4. **User corrections are signals** — when user says "你漏了X", that means your extraction was incomplete. Go back and do it properly.

5. **Don't suggest deletion prematurely** — disk space pressure is not an excuse to lose irreplaceable configuration data

7. **Search API keys live in plugin configs, not top-level** — Tavily, Brave, Exa, SearXNG keys are stored under `plugins.entries["openclaw-<name>"].config.webSearch.apiKey` in `openclaw.json`, not in the main `.env`. Always grep plugin entries specifically:
   ```bash
   sudo python3 -c "
   import json
   with open('/root/.openclaw/openclaw.json') as f:
       d = json.load(f)
   for k, v in d.get('plugins', {}).get('entries', {}).items():
       cfg = v.get('config', {})
       if 'webSearch' in cfg or 'apiKey' in cfg:
           print(k, json.dumps(cfg, indent=2))
   "
   ```
   Then add to `~/.hermes/.env` as `TAVILY_API_KEY`, `BRAVE_API_KEY`, etc.

8. **Verify files before sending** — when transferring files from user's PC, always verify MD5 matches after download.

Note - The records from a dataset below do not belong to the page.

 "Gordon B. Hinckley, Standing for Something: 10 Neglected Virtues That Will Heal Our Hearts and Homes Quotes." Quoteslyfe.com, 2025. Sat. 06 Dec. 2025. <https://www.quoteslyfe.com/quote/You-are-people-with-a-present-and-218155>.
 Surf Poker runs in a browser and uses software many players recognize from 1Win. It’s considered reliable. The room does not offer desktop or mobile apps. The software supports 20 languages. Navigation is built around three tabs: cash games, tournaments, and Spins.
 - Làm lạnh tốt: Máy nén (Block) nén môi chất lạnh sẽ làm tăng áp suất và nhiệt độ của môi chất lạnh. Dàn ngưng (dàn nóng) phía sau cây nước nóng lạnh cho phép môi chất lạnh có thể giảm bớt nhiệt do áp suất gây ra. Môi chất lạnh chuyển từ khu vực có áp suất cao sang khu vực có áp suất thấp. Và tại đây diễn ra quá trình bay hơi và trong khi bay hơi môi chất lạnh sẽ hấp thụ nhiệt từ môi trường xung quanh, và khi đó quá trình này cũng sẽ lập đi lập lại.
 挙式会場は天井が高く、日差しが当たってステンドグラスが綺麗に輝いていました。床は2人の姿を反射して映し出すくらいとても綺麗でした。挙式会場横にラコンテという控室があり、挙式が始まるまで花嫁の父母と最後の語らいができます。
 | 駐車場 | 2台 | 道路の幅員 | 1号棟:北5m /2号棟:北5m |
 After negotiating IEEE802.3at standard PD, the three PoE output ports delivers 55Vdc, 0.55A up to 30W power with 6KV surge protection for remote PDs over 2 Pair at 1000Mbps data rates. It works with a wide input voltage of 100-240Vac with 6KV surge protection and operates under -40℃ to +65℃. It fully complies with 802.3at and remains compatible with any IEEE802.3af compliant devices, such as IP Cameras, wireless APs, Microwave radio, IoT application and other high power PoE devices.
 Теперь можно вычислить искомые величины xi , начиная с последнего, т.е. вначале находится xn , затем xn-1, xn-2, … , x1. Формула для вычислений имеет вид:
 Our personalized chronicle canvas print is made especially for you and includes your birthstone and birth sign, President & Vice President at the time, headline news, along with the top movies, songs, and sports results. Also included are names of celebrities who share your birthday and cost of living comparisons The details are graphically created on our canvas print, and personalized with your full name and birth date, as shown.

User had a case where AI sent an outdated file version to their advisor because the download grabbed a cached/old version instead of the current one.

9. **Credential typos in extracted docs** — even after careful extraction, typos happen (e.g., `MYNmym888` vs `MYNmyn888` — m vs n). When SSH login fails with "Permission denied" but you're sure the server is right, search the OpenClaw session history for the correct password:
   ```bash
   grep -h "服务器名.*密码\|password.*服务器\|ssh.*IP地址" ~/.hermes/openclaw_sessions_backup/memory_conversations/*.jsonl | head -10
   ```
   Historical conversations often contain the correct credentials that were actually used successfully.